The Iowa business leader, Board of Regents prez and political power broker discusses recent decisions


Our job at the Business Record is to keep you informed on news, developments and ideas that will help your business pursuits. Often, that leads us to interview key decision-makers.  

Occasionally, the business leader is so informed, so plugged in, so controversial or so intriguing that we know a single interview will be wide-ranging and illuminating in several areas. So periodically, we’ll be bringing our readers those kinds of interviews in a feature called Newsmaker Q&A. Bruce Rastetter certainly fits the bill. I sat down with the giant of agriculture, president of the Iowa Board of Regents, huge Republican donor, FOB (Friend of Gov. Terry Branstad) and innovator for a 90-minute interview in the meeting room at Rastetter’s Summit Agricultural Group LLC headquarters near Alden. 

Rastetter already had surprised us in a separate telephone interview with the news that Summit will be looking to raise fish as part of its expanding business, and also will most likely build two ethanol plants in Brazil. 

Not surprisingly, when we sat across the table from him, Rastetter continued to make news, even as the furor raged over the regents’ selection of a businessman with no university administrative experience as president of the University of Iowa.

Rastetter revealed that the regents will look at sites other than the AIB College of Business campus for a proposed regents center in Des Moines. 

He also: 

— Suggested that the regents consider a fully private search the next time they select a president for Iowa State University, the University of Northern Iowa or the University of Iowa to ensure that current university presidents and other qualified candidates feel comfortable applying.

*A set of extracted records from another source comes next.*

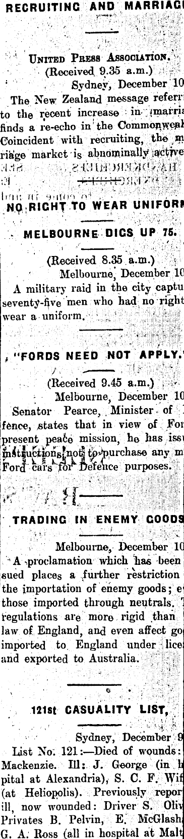 RECRUITING AND MARRIACI United Press Association. (Received. 9.35 a.m.) 1 Sydney, December 10 The New Zealand message referri to the recent increase in imarru finds a re-echo in the Commonweal Coincident with recruiting, the m riage market i s abuominally active ;l-ik . ••• r.:u-! >?<» ah i?| ' ' vj 11 'I r. M I OrllO’.l n • NO RIGHT TO WEAR UNIFORI MELBOURNE DIGS UP 76. (Received 8.35 a.m.) Melbourne, December 10 A military raid in the city captu seventy-five men who had no right wear a uniform. , “FORDS NEED NOT APPLY. 1 (Received 9.45 a.m.) Melbourne, December 10 Senator Pearce, Minister of ! fence, states that in view of Foi present peace mission, he has iss' hi4t|uctions|notj tp-. purchase any m Ford cars fw Defence purposes. £ r h Hr— TRADING IN ENEMY GOODS Melbourne, December 1( A -proclamation which has been sued places a further restriction the importation of enemy goods; e those imported through neutrals, regulations ar e more rigid than law of England, and even affect go imported to England under lice and exported to Australia. 121st CASUALITY LIST, Sydney, December 9 List No. 121:—Died of wounds: Mackenzie. Ill: J. George (in li pital at Alexandria), S. C. F. Wif (at Heliopolis). Previously repor ill, now wounded: Driver S. Olh Privates B. Pelvin, E. McGlash G. A. Ross (all in hospital at Malt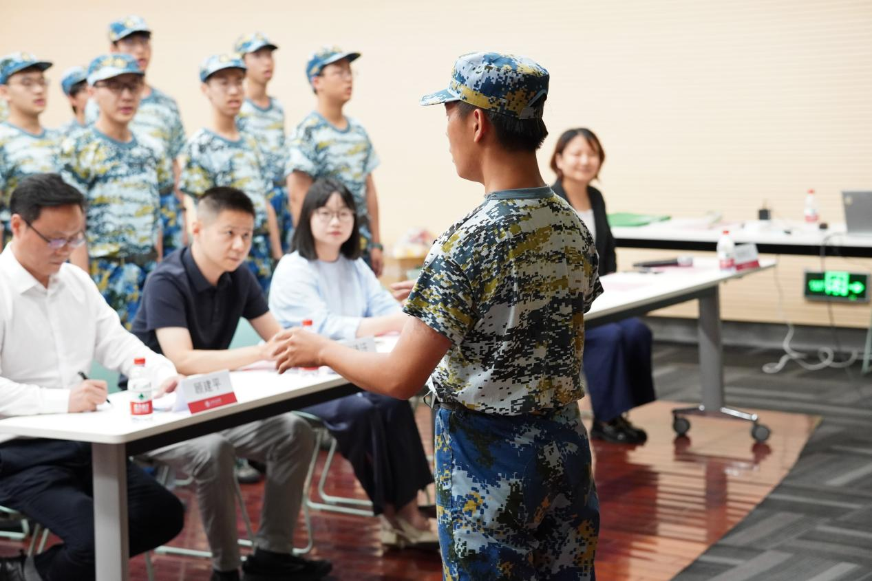 顾建平和冯雁代表学院致辞。顾建平肯定了同学们在军训期间付出的努力和收获的成绩,并结合自己的军训故事对同学们提出了期望,希望同学们在铸造钢铁一般的思想意志的同时涵养赤诚担当的爱国情怀,用自己的实际行动践行“强国有我”的青春誓言。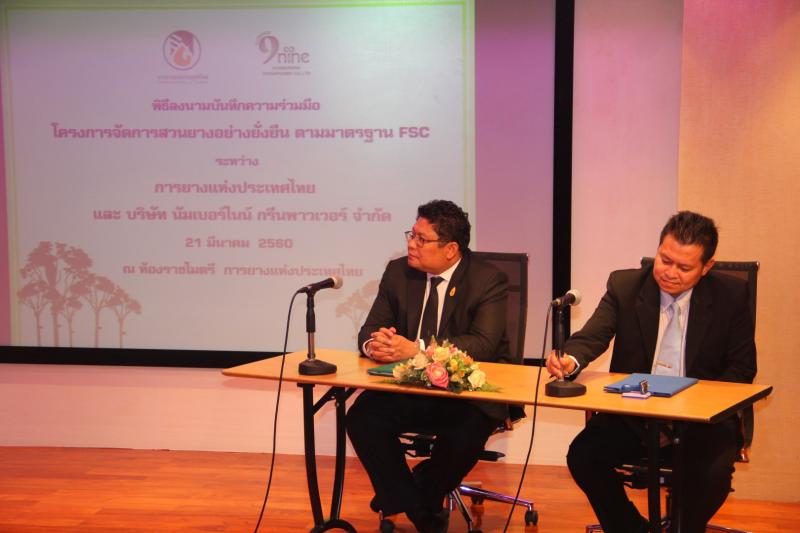 ด้าน ดร.วระชาติ ทนังผล กรรมการผู้จัดการ บริษัท นัมเบอร์ไนน์ กรีนพาวเวอร์ จำกัด กล่าวว่า บริษัท นัมเบอร์ไนน์ กรีนพาวเวอร์ จำกัด ประกอบกิจการด้านการผลิตและจัดจำหน่ายเชื้อเพลิงชีวมวลอัดเม็ด (Wood Pellet) จดทะเบียนเมื่อวันที่ 8 มีนาคม 2559 ด้วยทุนจดทะเบียน 5,000,000 บาท นอกจากการผลิตเชื้อเพลิงชีวมวลแล้ว ยังสนับสนุนให้เกษตรกรปลูกและรับซื้อไม้โตเร็ว มันสำปะหลัง และพืชอื่นๆ ที่สามารถนำมาเป็นวัตถุดิบในการแปรรูปเป็นพลังงานชีวมวล ซึ่งการทำบันทึกข้อตกลงความร่วมมือในครั้งนี้ เป็นโอกาสในการสนับสนุนสร้างรายได้ให้แก่เกษตรกร และกระตุ้นให้เกษตรกรชาวสวนยางเห็นถึงความสำคัญในการจัดการสวนยางให้อ ยู่ในระดับมาตรฐานระดับสากล โดยเฉพาะอย่างยิ่งมาตรฐาน FSC เนื่องจากมาตรฐานดังกล่าว จะเป็นการรับรองคุณภาพและที่มาของไม้ยางส่งออกจากไทย ว่าเป็นสินค้าคุณภาพที่เกิดจากการจัดการสวนยางอย่างถูกต้องตามมาตรฐานสากล เพื่อเป็นการเพิ่มมูลค่าในการขายไม้ยางพารา และผลิตภัณฑ์จากไม้ยางพาราไปยังต่างประเทศ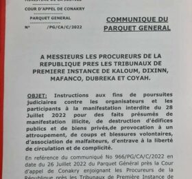L’article Marche non autorisée. Le Parquet général de Conakry demande de poursuivre Foniké Manguè et Cie est apparu en premier sur...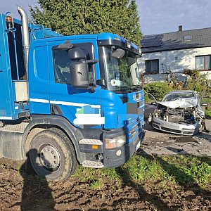 – W miejscowości Grzybów zderzyły się dwa pojazdy: skoda fabia i ciężarowa scania-śmieciarka. Ze zgłoszenia, które otrzymaliśmy wynika, że dwie osoby zostały ranne. Były przytomne, wyszły o własnych siłach z pojazdów - zaznacza J. Szczepaniak.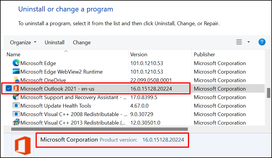 - Locate the Office app and check the “Version” column for its version. Alternatively, select the app and check the bottom of the Control Panel windows for its product version.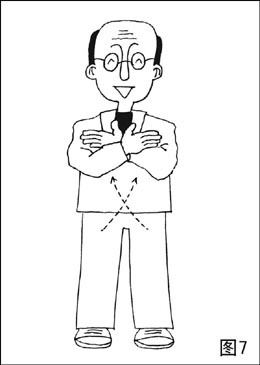 ①两掌重迭于肚脐前(左掌在外,掌心向内),两腿渐起,两掌随之边继续交叉,边外旋、边向外、向上升,至胸平成手腕交叉,掌心向里(图7)。两肘外撑外分,至手指分离时,两掌渐变拳,拳眼向上。两臂继续外分至120℃时,两腿自然直立。两臂成弧形(图8)。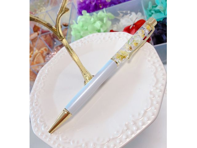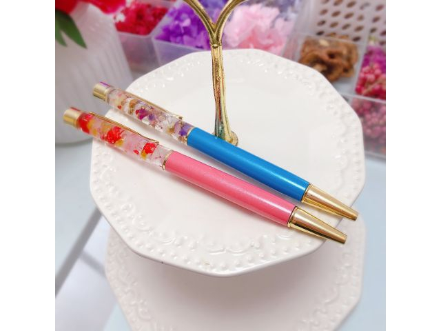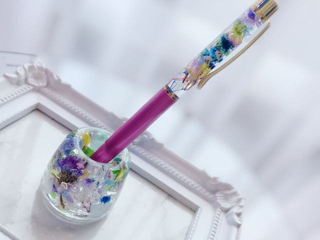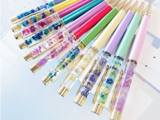 ボールペンにお好きなお花やパールを入れて世界に一つだけの自分のハーバリウムボールペンを作れます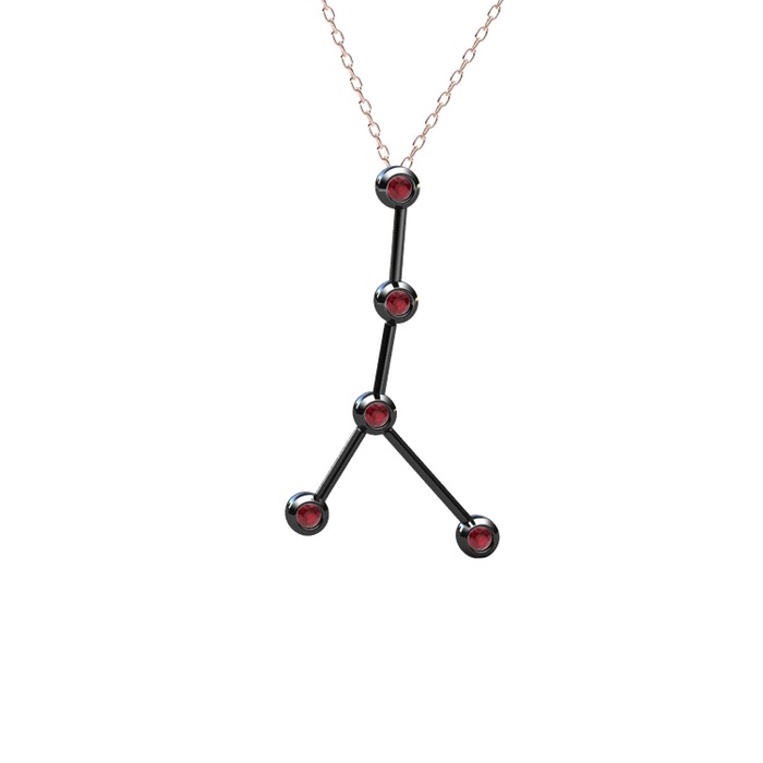 Kök yakut 925 ayar siyah rodyum kaplama gümüş kolye (40 cm rose altın rolo zincir)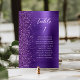 The left-hand edge of this elegant modern wedding table number card features a purple faux glitter border. The word "table" and the table number appear in white handwriting script on a purple faux brushed metal background. Add the names of your guests who are assigned to each table.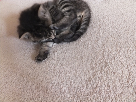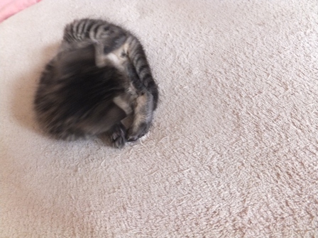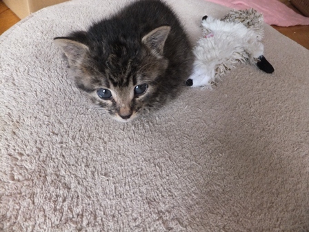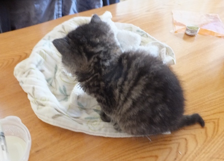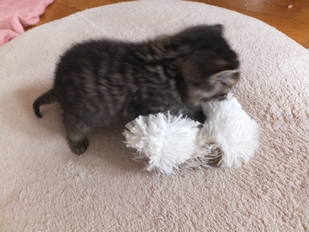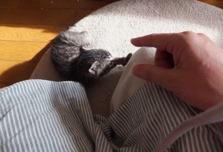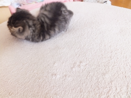 トイレも、最初は座って出てくるだけだったのが、掘るまねを始めたり、ミルクを飲んだら、そのまんまなので、濡れたティシュで拭いてやると気持ちよさそうに首をのばしてるだけだったのが、きれいにしなくちゃと胸のあたりをなめてみたり、誰も教えないのに、小さな頭のどこから猫のすることリストが出てくるのかとっても不思議です。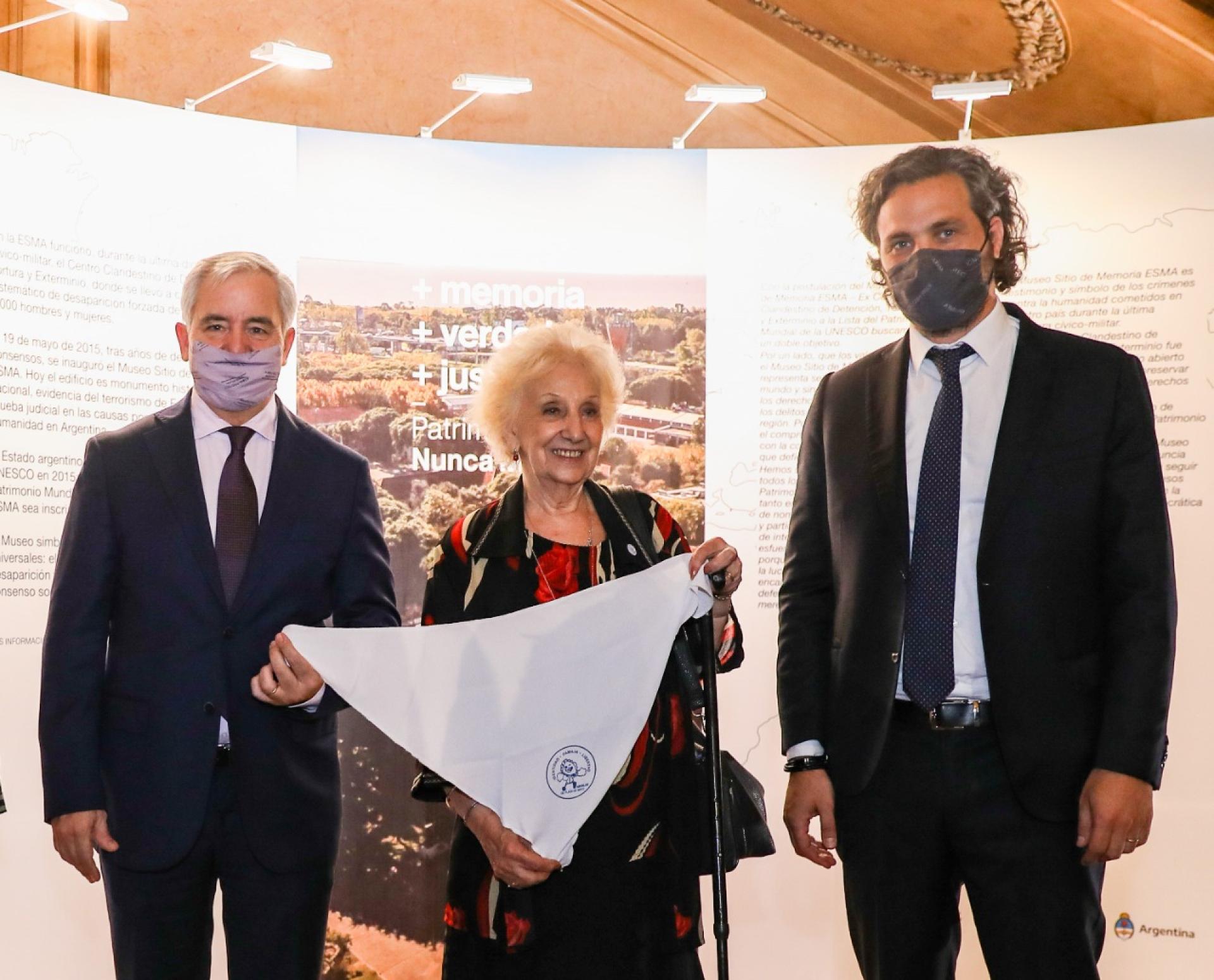 Posteriormente comenzó en el Palacio San Martín, la muestra del Museo Sitio Esma “Memoria Argentina para el Mundo Patrimonio del Nunca Más”, que contó también con la presencia del secretario de Derechos Humanos, Horacio Pietragalla Corti.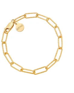 Złota masywna bransoletka z zawieszką z logo marki. Całość wykonana ze srebra 925 powlekanego 24 karatowym żółtym złotem. Długość bransoletki 18 cm Ogniwka z...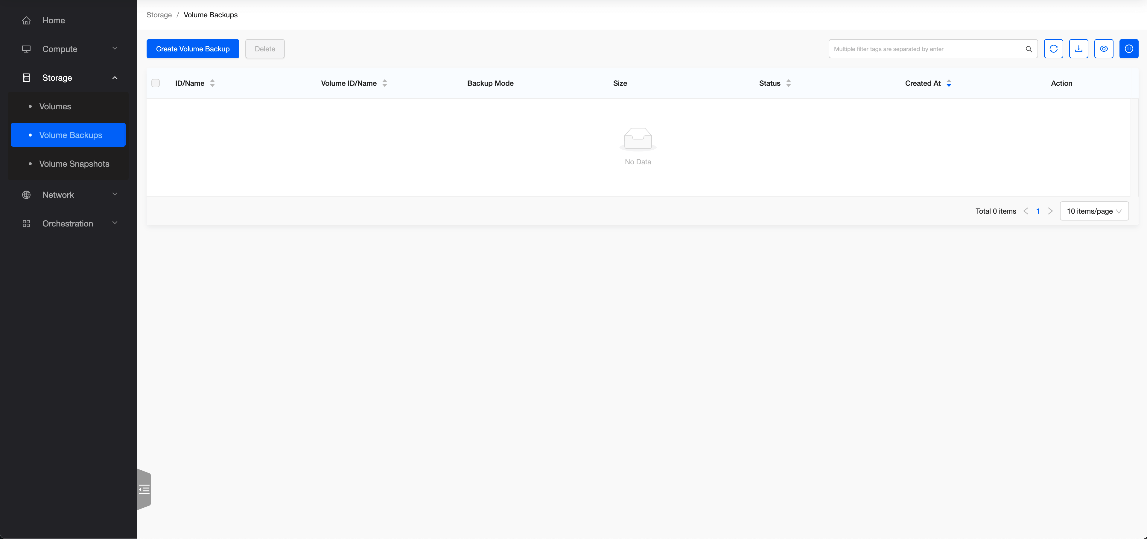 Unter dem Menüpunkt Storage / Volume Backups können Volume Backups verwaltet werden.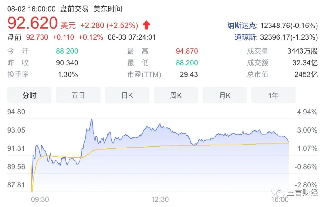 而同一时间,阿里巴巴美股股价报92.62美元,总市值2453亿美元;

— Vehemently rejected Des Moines Water Works CEO Bill Stowe’s idea that farmers should consider paying for Des Moines Water Works’ nitrate-removal expenses as a possible way to settle the utility’s federal lawsuit, which claims that farms in three upstream counties are a source of the potentially deadly pollution.

— Steadfastly defended both the selection of Bruce Harreld as University of Iowa president and the process that led to it.

Here are Rastetter’s views in his own words.

The presidential search controversy
Rastetter defends choice, suggests regents consider a private search next time

Tell us what the Board of Regents’ general direction was on the hiring of University of Iowa President Bruce Harreld. What concepts were you trying to address?

The University of Iowa is a more than $3 billion enterprise, with 22,000 employees. University (of Iowa) Hospitals (and Clinics) sees 1.2 million people a year. And you have approaching 33,000 students.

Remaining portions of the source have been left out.